Unlike many other women, Udita has been lucky. Meeting up with the right people encouraged her to come to terms with her infection. She resolved to do something for those suffering from this deadly disease. "In 1998, Ashok Pillai and Geetha Venugopal of the Indian Network of Positive People (INP+) came to Imphal. We got a chance to share our stories with them. There were many of us at the meeting, but very few had come out in the open about their HIV status, though amongst ourselves we knew. After that, whenever MNP+ called us for a programme, we (her husband, she and some other women) would go," she recalls and adds, "What helped me most in accepting my HIV positive status and empowering me was the peer counseling."

The INP+ exposure encouraged Udita to do more. She became a member of MNP+ in 1999. Three years later, she started working actively as a peer educator on a United Nations Office on Drugs and Crime (UNODC) project; and as a field worker for an Action Aid project. In 2003, Udita became a board member of MNP+, the sole network formed and run by people living with HIV/AIDS in the state. (The MNP+ was established in 1997 by five injecting drug users, as a self-help group. Today it has over 1,600 members.)

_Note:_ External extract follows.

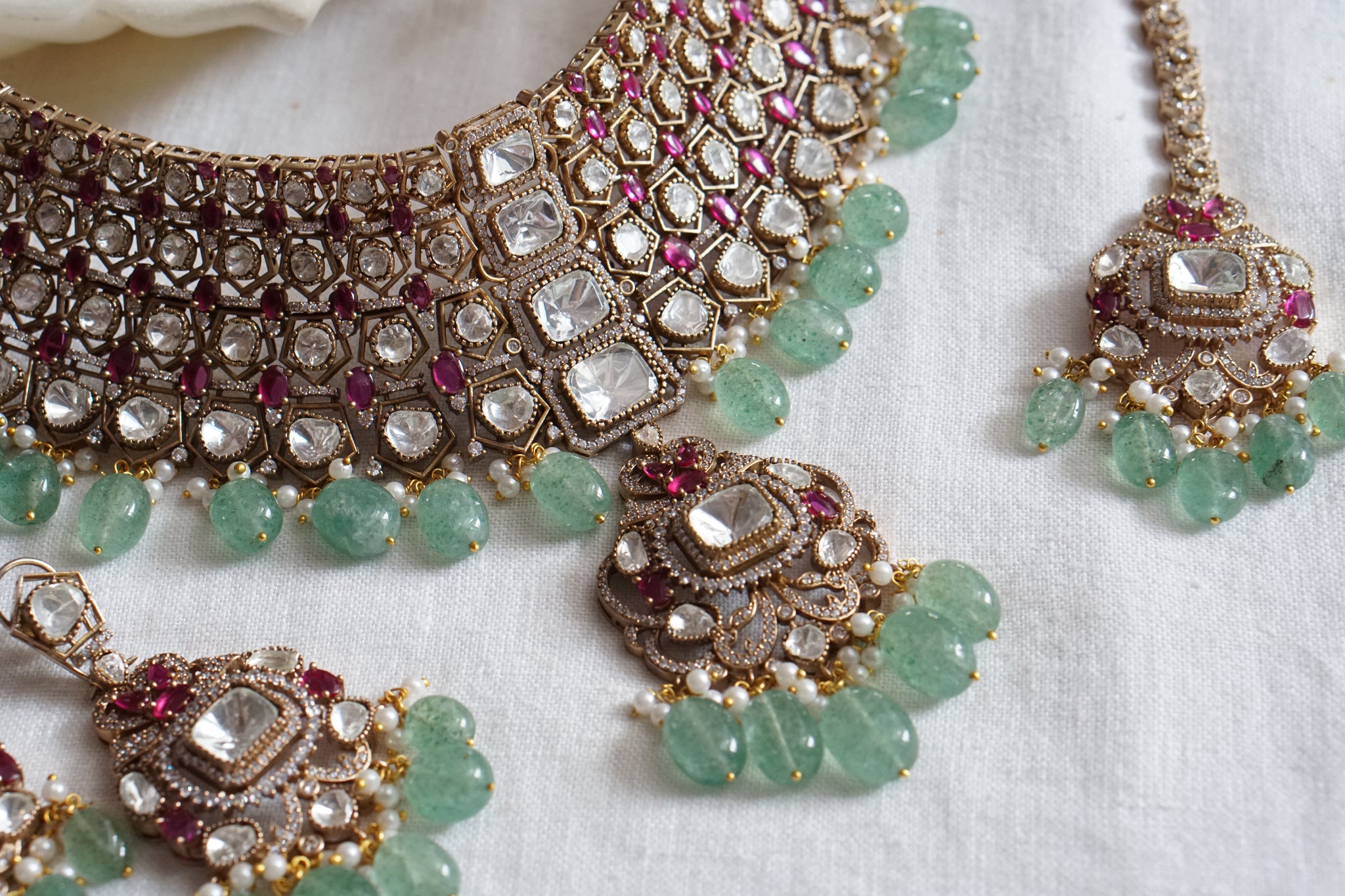 The Pink Polki Necklace Set With Maangtika(4-8433)(B)(CLEARANCE SALE PIECE) is the yin, to your yang. You've found what you're looking for.

Udita who was one of three women board members of INP+ - she became one in 2005 - and served in the capacity of national representative of the Asia Pacific Network of Positive People's (APN+) steering committee - she helped establish APN+ during her tenure at INP+ - relinquished her positions this year. Citing her reasons, Udita, who along with others had initiated the formation of APN+ and the women's wing of INP+, says, "I wanted to focus on state-level work. I was also getting weaker. Furthermore, it is important to empower the second line of leaders."

Udita believes that the existing networks haven't completely addressed the issues of women. "It wasn't that the issues were neglected, yet, somehow, things were incomplete. Only women themselves can understand and explore the issue wholly. But to work effectively you need to work in tandem with the men and others. If we are together, we can work better. This is the main belief behind the establishment of the women's forum of the INP+," she explains. (The Women's Asia Pacific Network of People Living with HIV/AIDS (WAPN+) was set up in September 2006 in Bangkok.)

The state-level women forum of MNP+ is in the process of formation. Informs Udita, "We will be working in  coordination with MNP+. Membership is open solely for women infected. Affected women and children are beneficiaries."

According to an epidemiological survey by the Manipur AIDS Control Society (MSACS), October 2007, there are 27,961 HIV + people in the state. Of these, 7,106 are women and 1,362 are children in the age group of 0-10 years.